Pictures excluded, output exactly the lines from the one containing "大きなのぼり旗5本。 もちつきに大活躍する予定でした。 マリンフェアにはこれを持って応援に行く予定だったのに・・ね。" through the last line of the listing below.

● INFORMATION SHOWN
•••••

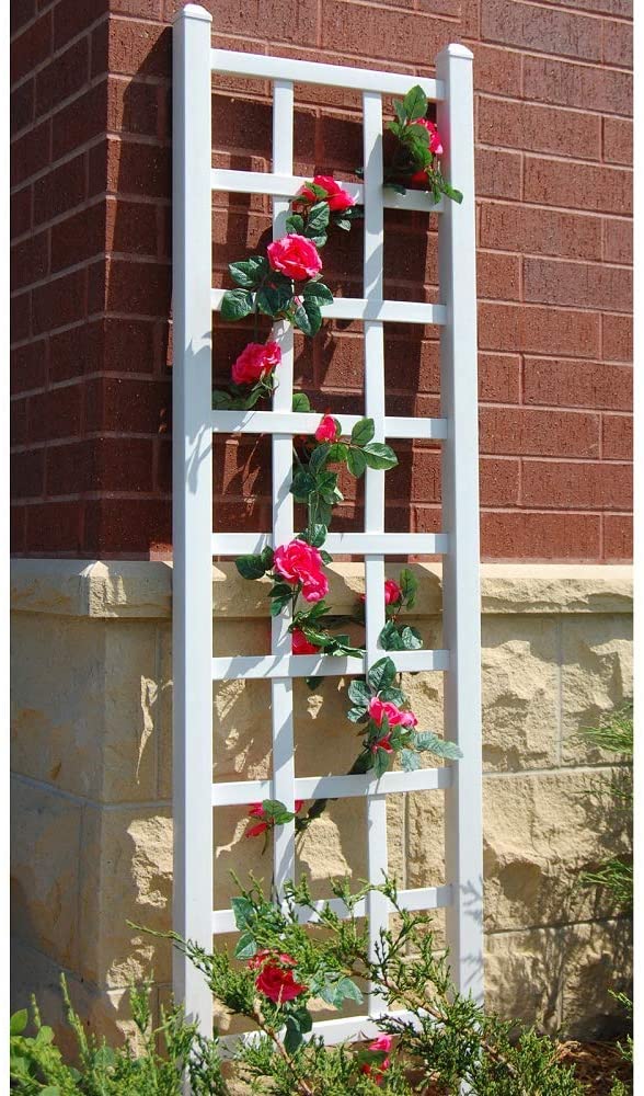 Made in USA. This simple, easy to assemble trellis can be used against a wall or freestanding using the two included 16 inch ground anchors. Measuring 74-Inch high and 22-Inch wide the Elmwood Trellis is strong enough for any vine or climbing plant. Made with the highest quality PVC vinyl, this trellis is completely maintenance free. The high quality PVC vinyl contains the highest concentration of titanium dioxide for the strongest UV sunlight protection. Buy with confidence, all Dura-Trel products are backed with a 20 year warranty guaranteeing your trellis will never delaminate, crack, peel, fade or discolor in any way. Once assembled and installed in your yard, the only maintenance ever needed is a simple spray with a garden hose and wipe clean.
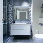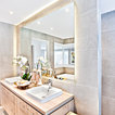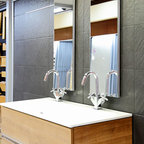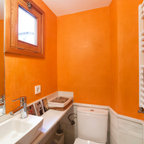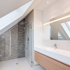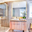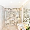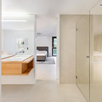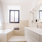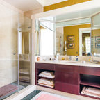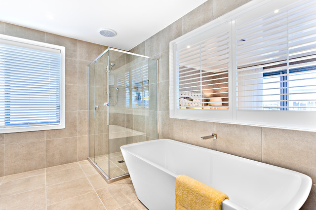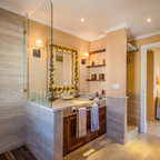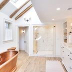 Imagen de cuarto de baño principal, tradicional renovado, grande, con armarios con paneles lisos, puertas de armario marrones, bañera exenta, ducha a ras de suelo, sanitario de pared, baldosas y/o azulejos beige, baldosas y/o azulejos de cerámica, paredes beige, suelo de baldosas de porcelana, lavabo sobreencimera, encimera de madera, suelo beige, ducha con puerta con bisagras y encimeras marrones — Houzz
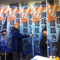 大きなのぼり旗5本。 もちつきに大活躍する予定でした。 マリンフェアにはこれを持って応援に行く予定だったのに・・ね。 『スクーバダイビングクラブ マナティーズ』http://www.din.or.jp/~manatees/〒160-0002 東京都新宿区坂町15-17 03-5367-1277 千葉の ...
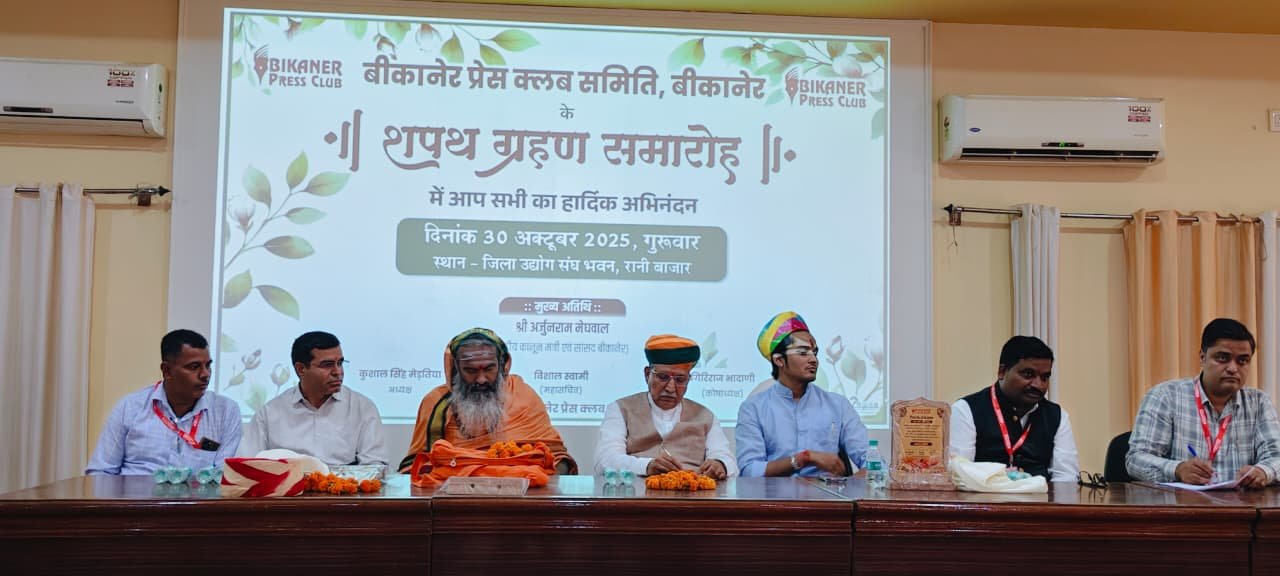 मेघवाल गुरुवार को जिला उद्योग संघ भवन में आयोजित बीकानेर प्रेस क्लब के शपथ ग्रहण समारोह में मुख्य अतिथि के रूप में संबोधित कर रहे थे। मेघवाल ने बीकानेर प्रेस क्लब के शपथ ग्रहण समारोह में नवनिर्वाचित अध्यक्ष कुशाल सिंह मेड़तिया, महासचिव विशाल स्वामी, कोषाध्यक्ष गिरिराज भादाणी समेत पूरी कार्यकारिणी को शपथ दिलवाई। शपथ ग्रहण समारोह लालेश्वर महादेव मंदिर शिवबाड़ी के महंत श्री विमर्शांनंद महाराज के सानिध्य में संपन्न हुआ। कार्यक्रम की अध्यक्षता जिला उद्योग संघ अध्यक्ष डीपी पचीसिया और मुदित खंजाची ने की।

•••••

● OUTPUT OF THE EXERCISE
 大きなのぼり旗5本。 もちつきに大活躍する予定でした。 マリンフェアにはこれを持って応援に行く予定だったのに・・ね。 『スクーバダイビングクラブ マナティーズ』http://www.din.or.jp/~manatees/〒160-0002 東京都新宿区坂町15-17 03-5367-1277 千葉の ...
 मेघवाल गुरुवार को जिला उद्योग संघ भवन में आयोजित बीकानेर प्रेस क्लब के शपथ ग्रहण समारोह में मुख्य अतिथि के रूप में संबोधित कर रहे थे। मेघवाल ने बीकानेर प्रेस क्लब के शपथ ग्रहण समारोह में नवनिर्वाचित अध्यक्ष कुशाल सिंह मेड़तिया, महासचिव विशाल स्वामी, कोषाध्यक्ष गिरिराज भादाणी समेत पूरी कार्यकारिणी को शपथ दिलवाई। शपथ ग्रहण समारोह लालेश्वर महादेव मंदिर शिवबाड़ी के महंत श्री विमर्शांनंद महाराज के सानिध्य में संपन्न हुआ। कार्यक्रम की अध्यक्षता जिला उद्योग संघ अध्यक्ष डीपी पचीसिया और मुदित खंजाची ने की।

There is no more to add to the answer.